With such a configuration, both the static rigidity and dynamic rigidity characteristics of the structure t1+ can be extremely improved,
Even if the structure (1) changes over time, it can be tracked and there is little change in control performance. Furthermore, the operational stability range of the device is also expanded.

In the above embodiment, the case where this device is installed on the top floor of the structure ( ) has been shown, but it goes without saying that the same effects as in the above embodiment can be achieved even if the device is installed on any floor.

In the above example, the first. second vibration detector +3),
Although the case where an accelerometer is used as Ql) has been described, a speedometer may also be used, and in this case, the integrating circuits (4a) and (4b) shown in FIG. 5 are unnecessary.

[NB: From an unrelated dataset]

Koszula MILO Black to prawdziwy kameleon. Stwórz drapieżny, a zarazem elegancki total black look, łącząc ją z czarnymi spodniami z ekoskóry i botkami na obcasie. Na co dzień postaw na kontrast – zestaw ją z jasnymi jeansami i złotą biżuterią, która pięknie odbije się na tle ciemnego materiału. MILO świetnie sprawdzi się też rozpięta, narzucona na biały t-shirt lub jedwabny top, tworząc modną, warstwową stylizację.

As for the actuator (6), in addition to an electromagnetic actuator, a tilting pneumatic or hydraulic actuator may be used. [Effects of the Invention] As described above, according to the present invention, a structure that generates vibration in response to an external force is created. An actuator installed on an object.

Additional weight driven by this actuator.

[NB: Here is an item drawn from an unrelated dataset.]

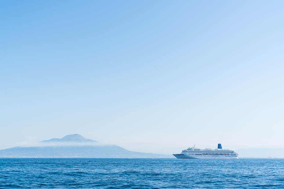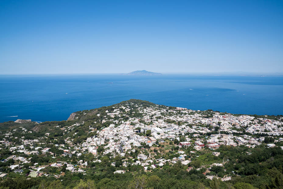 Ir vēl salīdzinoši agrs rīts, kad uzkāpjam uz kuģīša. Automašīnu atstājam Sorento, jo tūrisma sezonas laikā uz salu ar auto var doties tikai vietējie. Pats brauciens pa jūru ir veldzējošs – dūmaka, kalni visapkārt, un kuģi, kas nozūd miglā. Lai tiktu augšā, kalnā, kur ir visi labākie skati, gaidām rindā uz autobusu. Sākam sarunu ar kādu rindā stāvošu vīrieti, tūristu no Austrālijas, kurš padalās, ka viņam esot “pārvietojamais kondicionieris” – mugursomā ieliktas vairākas ūdens pudeles, kas iepriekš noturētas nakti saldētavā. Karstajā laikā ūdens kūst, un ir patīkami vēss dzeršanai, bet, kamēr vēl vēss, dzesē mugursomu un muguru, tāpēc mazāk svīst! Šo padomu liekam aiz auss, noderēs!

A first vibration detector that detects vibrations of the structure.

a second vibration detector that detects vibrations of the additional weight;

A vibration velocity signal and a vibration displacement signal of the structure are obtained from the detection signal of the first vibration detector, and a vibration velocity signal of the additional weight is obtained from the detection signal of the second vibration detector, and these signals are Since a control circuit is provided to control the actuator and drive the additional weight, it is possible to improve the dynamic stiffness of the structure by improving the damping characteristics of the structure, and also to improve the static stiffness of the structure. This has the effect of expanding the stable operation region.

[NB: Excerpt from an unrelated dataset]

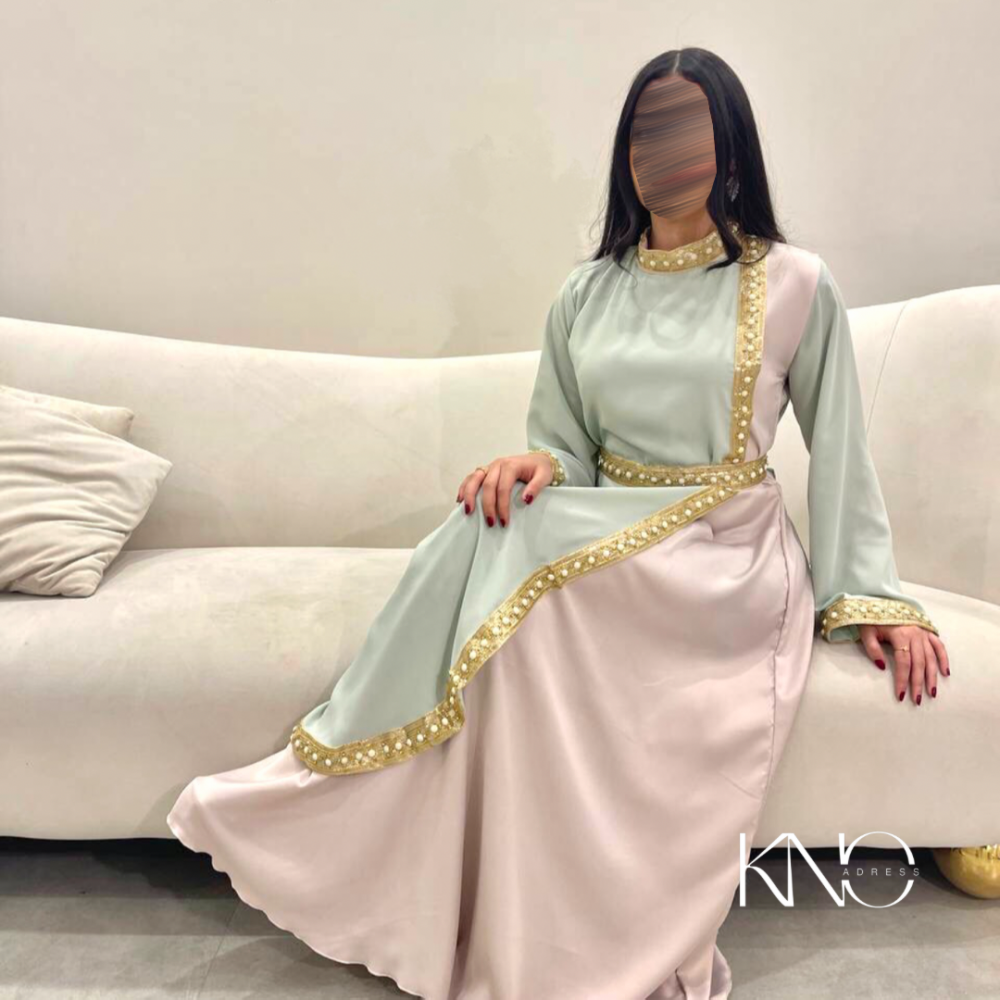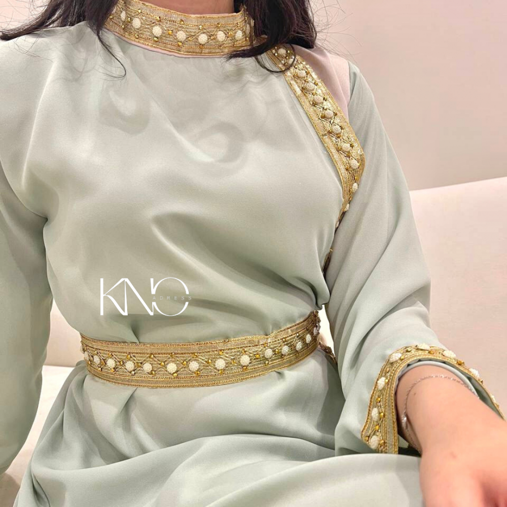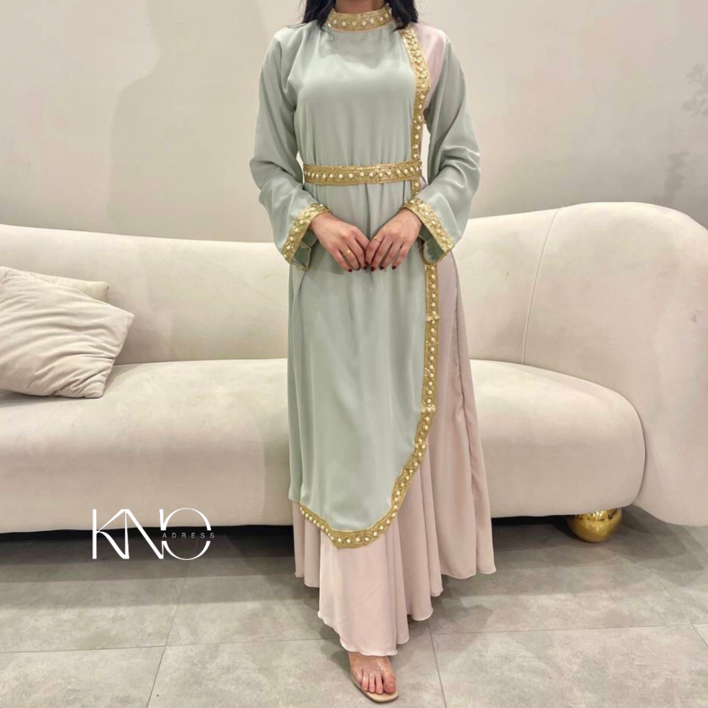 جلابية بقماش الحرير مزينة بشريط ذهبي مطرز بخيوط ذهبية و فصوص بيضاء مع الحزام .

[Brief explanation of the drawing]

Fig. 1 is a block diagram showing a conventional vibration control device, Fig. 2 is a block diagram showing a control system of the conventional vibration control device shown in Fig. 1, and Fig. 3 is an enlarged view of an example of the actuator shown in Fig. 1. 4 is a configuration diagram showing a vibration control device according to an embodiment of the present invention, and FIG. 5 is a configuration diagram showing a control system of the vibration control device according to an embodiment of the present invention shown in FIG. 4. It is a diagram. In the figure, (1) is a structure, (3) is a first vibration detector, (4) is a control circuit, and (4a) to (4C) are integral circuits. (4d) is the arithmetic circuit, (6) is the actuator, (8)
is the additional weight and Qll is the second vibration detector. Note that the same reference numerals in each figure indicate the same or corresponding parts. Agent Masuo Oiwa Figure 1

Claims (2)

[Claims] (1) An actuator installed in a structure that generates vibrations in response to an external force, an additional weight driven by this actuator, a first vibration detector that detects vibrations of the structure, and a vibration detector that detects vibrations of the additional weight. The vibration velocity signal and vibration displacement signal of the structure are determined from the vibration detector g2 to be detected, the detection signal of the first vibration detector, and the vibration of the weighted node 1 from the detection signal of the second vibration detector. A vibration control device for a structure, comprising a control circuit that obtains speed signals, controls the actuator based on these signals, and drives the additional weight. (2) First. 2. The structure imaging control device according to claim 1, wherein the second vibration detector is an accelerometer.